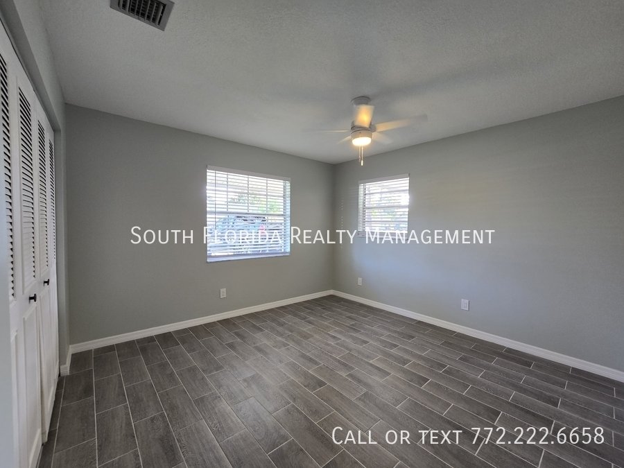 This charming unit features an open, modern kitchen with newer stainless steel appliances and plenty of cabinet storage. Located in a prime Martin County area, it offers easy access to I-95, shopping, and medical facilities. The home includes a split floor plan and a mostly fenced backyard. **Small pets welcome!**
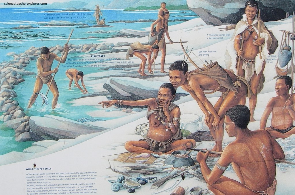 Found in these layers were of the following; LAYER 1 (Later Stone Age Khoikhoi pastoralists and San hunter-gatherers 300-2000 years ago): black musselcracker, strepie, mullet, yellowtail, galjoen, white stumpnose, red roman, elf, white steenbras, lipfish, red steenbras, brown mussels, perlemoen, white mussels, limpets, whelks, seal, dolphin, blue antelope, mongoose Cape buffalo, bushpig, bushbuck, dassie porcupine sheep, mountain reedbuck, grysbok, blue duiker, tanged stone-points & polished bone points. LAYER 2 (Later Stone Age San hunter-gatherers 2000-8000 years ago): Black musselcracker, elf, dassie, rod roman, kabeljou, white musselcracker, rock cod, yellowtail, silverfish, white steenbras, brown mussels, black mussel, limpets chiton, perlemoen, pencil bait, white mussels, periwinkles, alikreukel, whelks, venus ear, slipper limpet, dolphin, seal, dassie, blue antelope, mountain reedbuck, hippo, porcupine, bushpig, waalribbok, grysbok, bushbuck, Cape buffalo, mountain reedbuck, grey duiker, mongoose, micro-lithis stone tools, stone sinkers, polished bone points, decorated bone tubes, bone rings, ostrich eggshell pendants, ostrich eggshell beads, shell pendants, painted stones & human remains. LAYER 3 (Later Stone Age ancestors of San hunter-gatherers 8,000-12,000 years ago): hottentot, silverfish, red roman, dassie, black mussel, white steenbras, white musselcracker, yellowtail, elf, klip-fish, brown mussels, perlemoen, white mussels, limpets, alikreukel, periwinkles, whelks, chiton, dolphin, seal, mountain reedbuck, bushpig, oribi, southern reedbuck, klipspringer, bushbuck, roan, grysbok, vaalribbok, eland, wharthog, porcupine, dassie, mongoose, blue antelope Cape buffalo, hippo, medium and large scrapers, & polished bone tools. LAYER 4 (Later Stone Age ancestors of San hunter-gatherers 12,000-20,000 years ago): Extinct giant buffalo, warthog, extinct giant hartebeest, ostrich, wildebeest, extinct springbok, mongoose, southern reedbuck, eland, klipspringer, quagga, dassie, porcupine, bushpig, bontebok, roan, bladelets and cores, large and small scrapers. LAYER 5 ( not occupied 20,000-50,000 years ago). LAYER 6 (Middle Stone Age ancestors of San hunter-gatherers 50,000-120,000 years ago): Triangular stone points and stone segments.
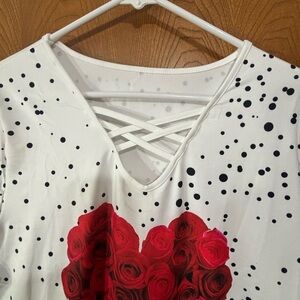 This top showcases a bold red heart graphic on a white base, complemented by red accents along the sleeves and black polka dots. Its relaxed fit and graphic design make it a standout piece for casual wear.
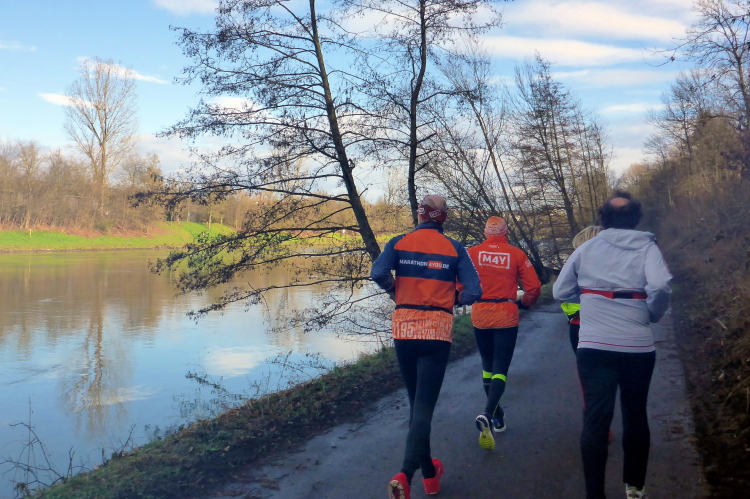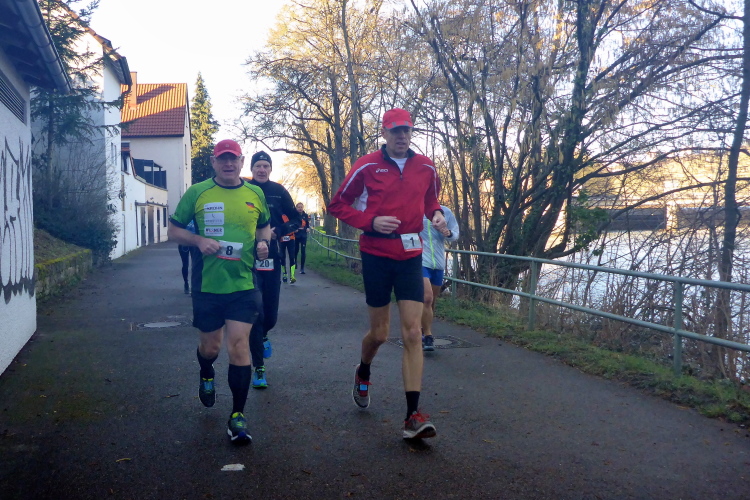 Der Start- und Zielbereich hat sich inzwischen gut gefüllt, obwohl aufgrund der momentanen Grippewelle einige Teilnehmer kurzfristig absagen mussten. Ein greller Pfiff lässt plötzlich die Gespräche verebben. Michael ruft zum Start. Jeder hat seinen Platz in der Startaufstellung schnell eingenommen. Man merkt, dass hier kaum Neulinge am Start sind. Jeder weiß sich richtig einzuschätzen und einzuordnen, so dass auch pünktlich um 9:00 Uhr der Startschuss fällt. Die sechste Ausgabe des Neckarufer Marathons ist gestartet. Nach dem kurzen Gewitter vom Vortag ist es heute trocken und soll auch während des gesamten Laufs so bleiben. Lediglich gelegentliche Böen werden das Laufen etwas mühsamer machen.
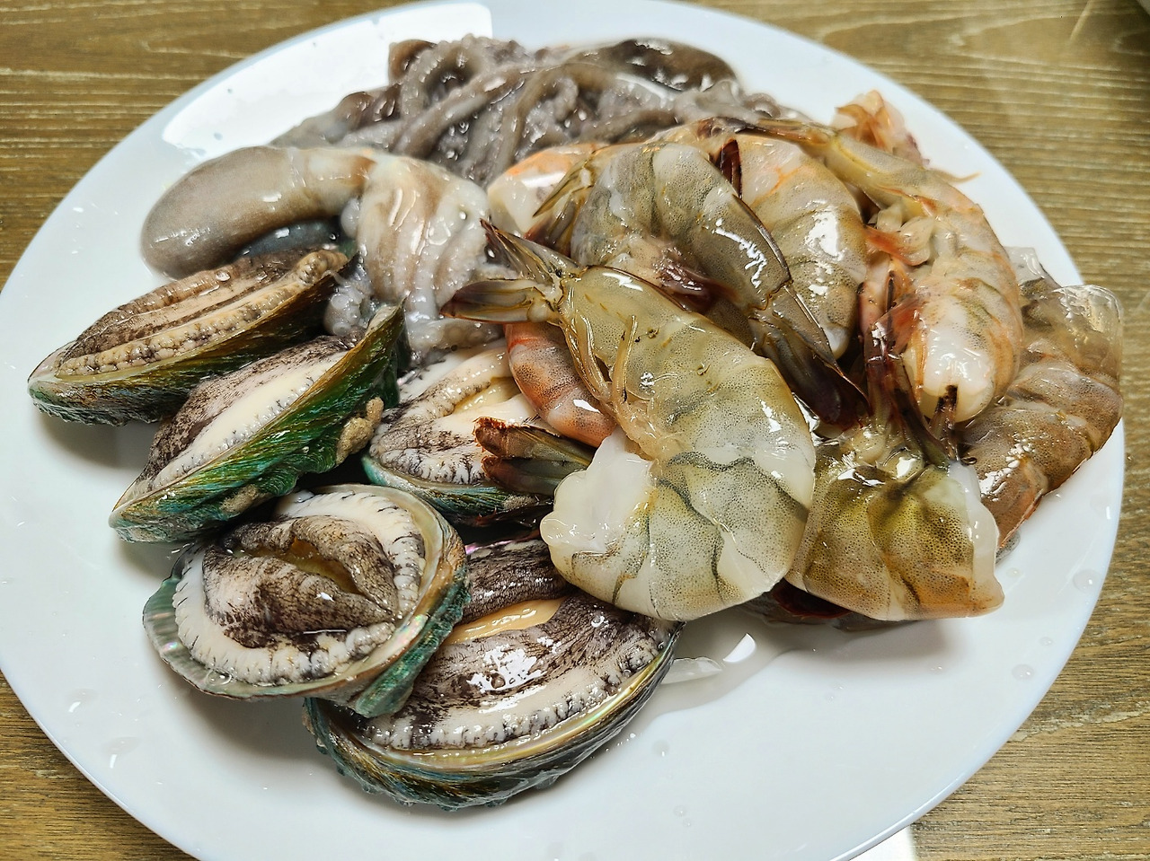 이리하여 우리 가족은 아들이 주문한 뻘낙지를 맛있게 먹기 위해 각종 채소와 전복, 낙지, 소고기, 새우가 어우러진 깊은 맛의 해물 칼국수를 먹게 되었다.

◇ ◇ ◇ ◇ ◇

→ What you have to do: The lines to reproduce run from the line containing "Der Start- und" through the last line of the records above, both included. Copy them exactly and drop the pictures.

→ Written answer:
 Der Start- und Zielbereich hat sich inzwischen gut gefüllt, obwohl aufgrund der momentanen Grippewelle einige Teilnehmer kurzfristig absagen mussten. Ein greller Pfiff lässt plötzlich die Gespräche verebben. Michael ruft zum Start. Jeder hat seinen Platz in der Startaufstellung schnell eingenommen. Man merkt, dass hier kaum Neulinge am Start sind. Jeder weiß sich richtig einzuschätzen und einzuordnen, so dass auch pünktlich um 9:00 Uhr der Startschuss fällt. Die sechste Ausgabe des Neckarufer Marathons ist gestartet. Nach dem kurzen Gewitter vom Vortag ist es heute trocken und soll auch während des gesamten Laufs so bleiben. Lediglich gelegentliche Böen werden das Laufen etwas mühsamer machen.
 이리하여 우리 가족은 아들이 주문한 뻘낙지를 맛있게 먹기 위해 각종 채소와 전복, 낙지, 소고기, 새우가 어우러진 깊은 맛의 해물 칼국수를 먹게 되었다.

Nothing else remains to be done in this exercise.